Я впечатлен. Последовательница правил прогуляла сегодня пару уроков.
— Нет, не прогуляла. Миссис Колинз освободила меня, чтобы я подготовилась к сдаче АСТ. Я сдаю его на выходных. — Она глубоко вдохнула, из-за чего её грудь поднялась. На лбу девушки появились взволнованные морщинки. — Ной, насчёт вчерашнего…
Вчера Эхо позволила мне мельком заглянуть в свой мир. Меньшее, что я мог сделать, это впустить её в свой. Даже если это меня чертовски нервировало.
—Mi primer padre adoptivo me pegaba.
«Мой первый приёмный отец бил меня».
Её широкие глаза встретились с моим взглядом.
—Lo siento.
«Мне жаль».
Я постучал карандашом по парте и продолжил говорить на испанском:
— Теперь мы в расчете. У тебя есть грязь на меня, и я знаю кое-что о тебе. Можно перестать меня избегать.
Она закусила губу, мысленно переводя, прежде чем ответить:
—Túhablas bien ell español.
«Ты хорошо говоришь на испанском».
Эхо послала мне мягкую, скромную улыбку, говорящую, что у нас всё хорошо.
—Mi madre era una profesora de español.
«Моя мама была преподавателем испанского».
Я никому никогда не рассказывал об этом раньше. Изображения моей смеющейся матери, говорящей со мной на испанском, наполнили мою голову.
— Mi madre era una artista. Muy brillante.

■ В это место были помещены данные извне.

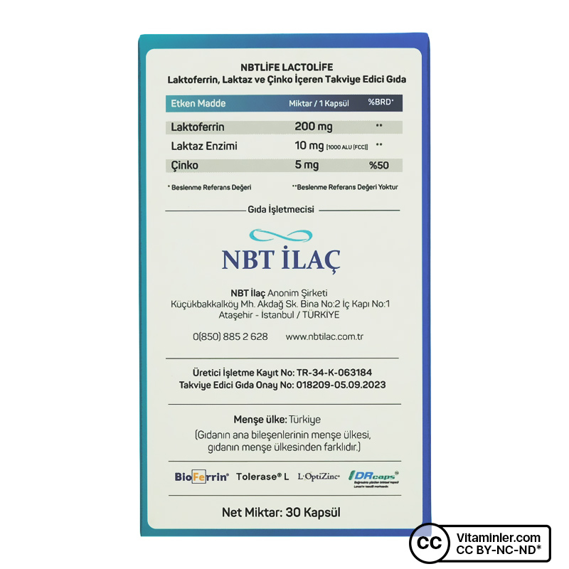 Nbt Life Lactolife 30 Kapsül; patentli Bioferrin® laktoferrin, Tolerase® L laktaz enzimi ve L-Optizinc® çinko içeren özel formüle sahip bir takviye edici gıdadır. Türkiye’nin ilk mikroenkapsüle laktoferrin formu olan Lactolife, laktoferrini laktaz enzimi ile kombine ederek geliştirilmiştir.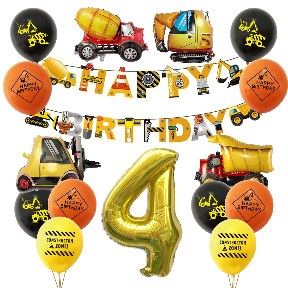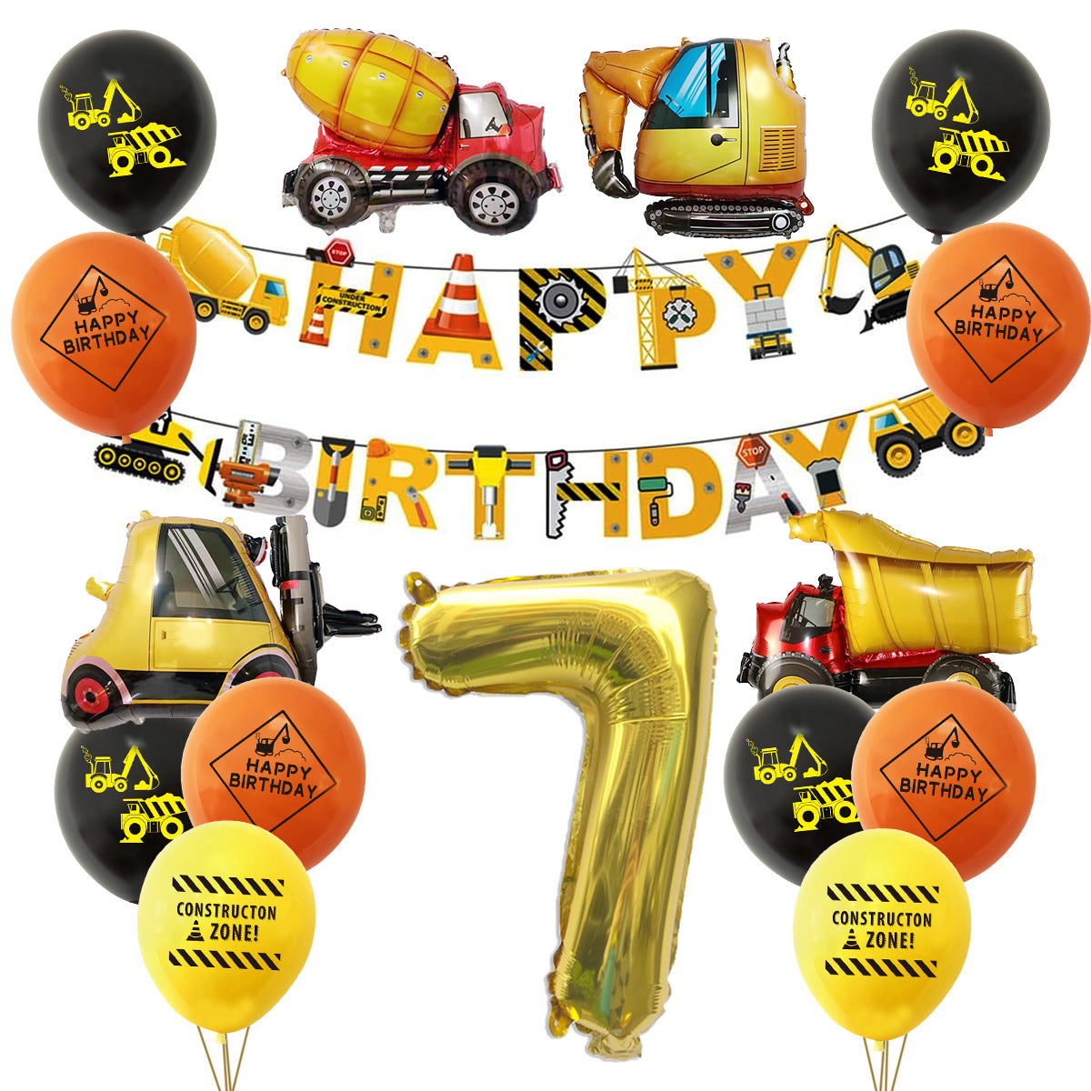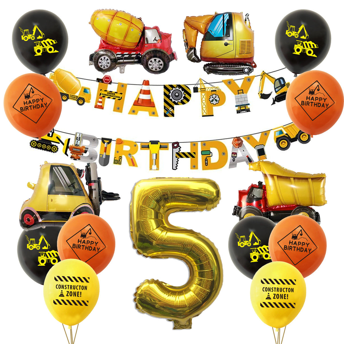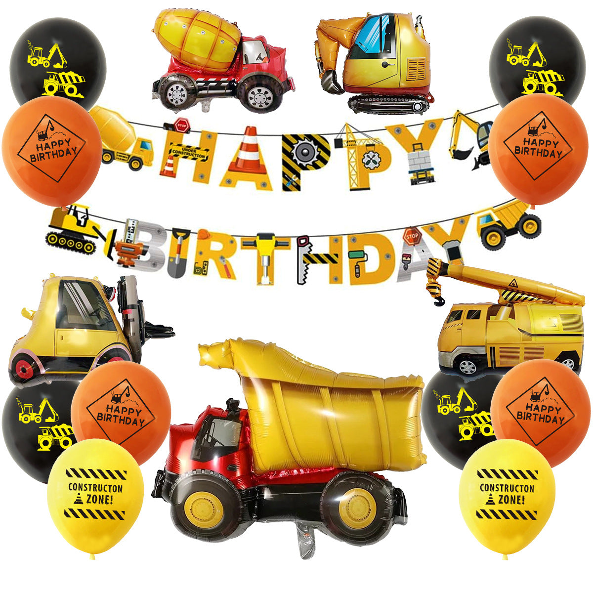 Mocsicka Construction Vehicle Excavator Foil Birthday Balloon Kit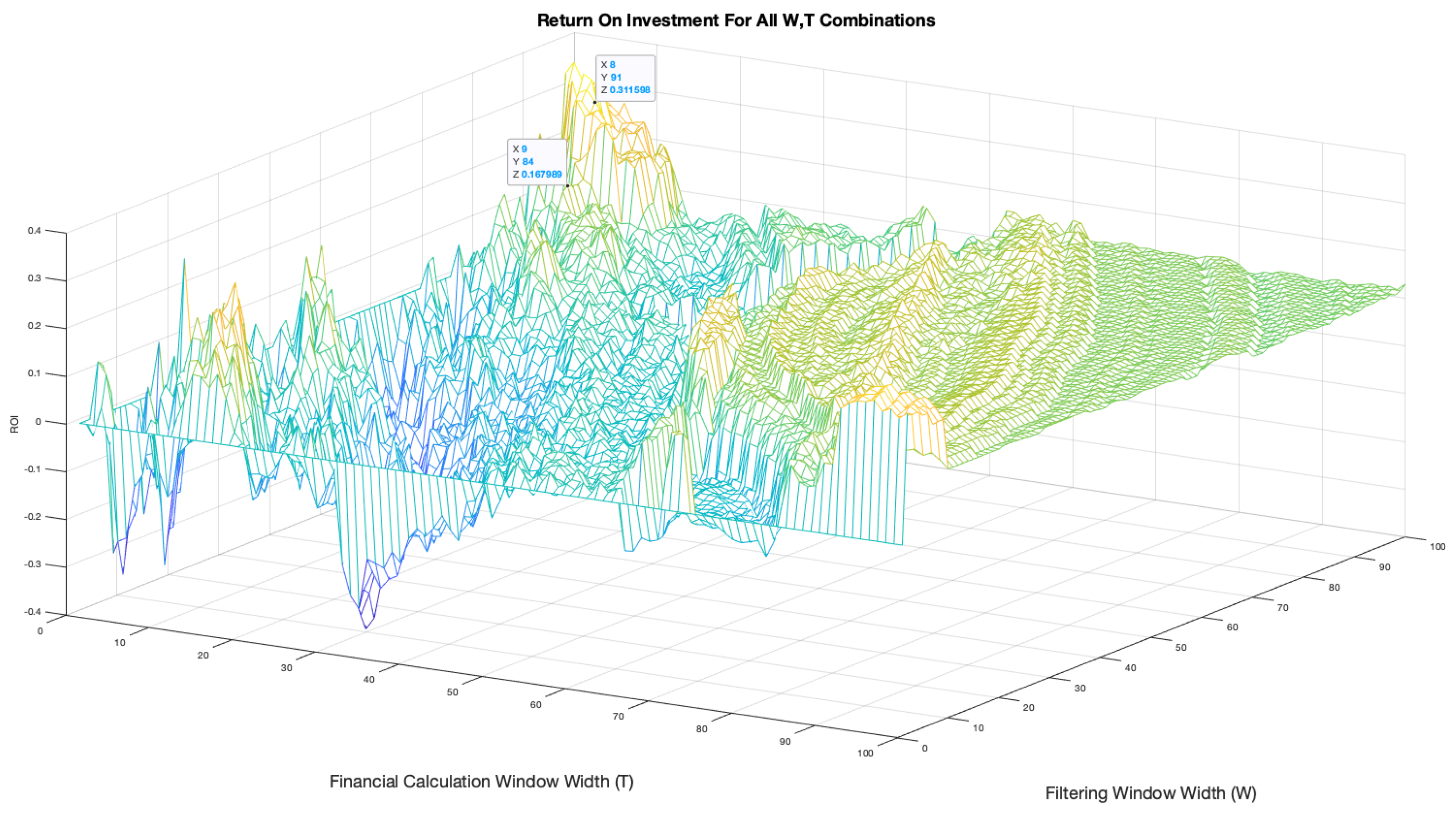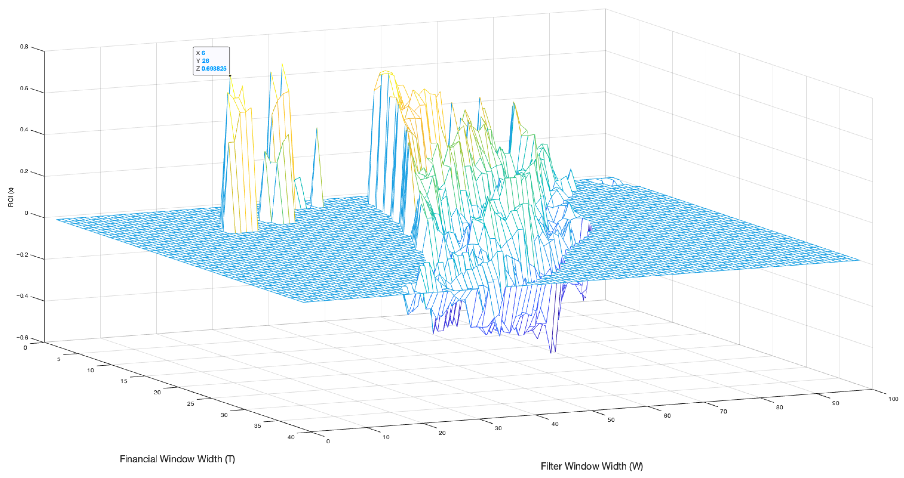Parameter sweep analysis provided a basis for selecting optimal parameter values. Filter window sizes must be minimised to reduce trading delays while still removing noise to ensure accurate system outputs. For a given range of filter widths (W), the window length (T) should satisfy . This parameter selection rule was shown to yield high accuracy and profitable returns. Short time steps produce time series with elevated noise levels, reducing trend prediction accuracy and increasing susceptibility to micro-trends, which can lead to positions that incur losses. Consequently, a combination of long- and short-term analyses is recommended, where short-term results identify the most opportune moments to enter positions as guided by the associated long-term trends.

«Моя мама была художницей. Гениальной».
Нога Эхо начала качаться под партой.
Мы сидели в тишине. Бормотание ломаного испанского и английского распространялось по кабинету. Вскоре ручка в её руке застучала в такт ноге. Я понимал её ритм. Это чувство, когда всё внутри скручивает так, что если ты не найдешь способ для облегчения, то взорвёшься. Я жаждал предоставить ей покой.

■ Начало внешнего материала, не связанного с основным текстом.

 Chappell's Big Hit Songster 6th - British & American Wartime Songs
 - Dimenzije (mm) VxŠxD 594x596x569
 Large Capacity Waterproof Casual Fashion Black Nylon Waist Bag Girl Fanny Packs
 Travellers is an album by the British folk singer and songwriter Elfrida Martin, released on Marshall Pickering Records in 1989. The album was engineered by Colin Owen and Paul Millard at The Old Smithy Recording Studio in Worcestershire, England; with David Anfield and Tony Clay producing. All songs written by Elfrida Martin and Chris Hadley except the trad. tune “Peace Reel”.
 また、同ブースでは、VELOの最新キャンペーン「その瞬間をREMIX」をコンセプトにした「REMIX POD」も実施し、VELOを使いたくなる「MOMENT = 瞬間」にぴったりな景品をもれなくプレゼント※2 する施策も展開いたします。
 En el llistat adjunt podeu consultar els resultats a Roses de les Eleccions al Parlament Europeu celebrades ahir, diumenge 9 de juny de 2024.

Я положил свою ладонь поверх её. Моё собственное сердце отдыхало, пока я гладил пальцем гладкую кожу девушки. Она уронила ручку и схватила пальцами рукава — её вечная защитная реакция.

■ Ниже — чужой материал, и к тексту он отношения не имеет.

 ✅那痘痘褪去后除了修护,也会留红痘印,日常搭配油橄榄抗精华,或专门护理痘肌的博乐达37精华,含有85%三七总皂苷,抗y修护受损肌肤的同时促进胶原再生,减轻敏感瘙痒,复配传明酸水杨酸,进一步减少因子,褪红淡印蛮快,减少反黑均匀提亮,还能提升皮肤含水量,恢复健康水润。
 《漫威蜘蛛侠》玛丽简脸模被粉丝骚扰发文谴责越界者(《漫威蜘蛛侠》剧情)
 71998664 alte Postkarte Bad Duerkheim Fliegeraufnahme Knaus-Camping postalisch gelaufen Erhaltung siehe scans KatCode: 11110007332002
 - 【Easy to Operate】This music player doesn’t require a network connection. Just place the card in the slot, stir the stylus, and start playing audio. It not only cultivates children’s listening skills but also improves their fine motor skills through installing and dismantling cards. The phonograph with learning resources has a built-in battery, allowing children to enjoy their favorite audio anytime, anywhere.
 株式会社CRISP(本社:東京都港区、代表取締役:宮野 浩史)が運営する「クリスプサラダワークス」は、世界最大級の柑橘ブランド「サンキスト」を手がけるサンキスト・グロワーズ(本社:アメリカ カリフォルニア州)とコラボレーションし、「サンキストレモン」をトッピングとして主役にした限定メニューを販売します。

Нет. Если она что и хочет схватить, то пусть это буду я. Мой палец прошёлся между её и рукавом и освободил мертвую хватку Эхо на ткани. Я обхватил пальцами её хрупкую руку.
Прикасаться к Эхо было так легко и привычно…
Её безымянный палец скользнул по моему, вызывая электрический поток в моей крови. Она снова им двинула. Только на этот раз движение было медленным, целенаправленным и самым соблазнительным прикосновением во всём мире. Всё внутри меня требовало коснуться её ещё.
Бет была одновременно права и не права. Эхо никого не могла ранить, особенно когда сама казалась такой ранимой. Но нужда, которую я чувствовал — быть тем, кто удержит её мир от разрушения, — лишь подтверждала теорию девушки. Я влюблялся в неё, и это сводило меня с ума.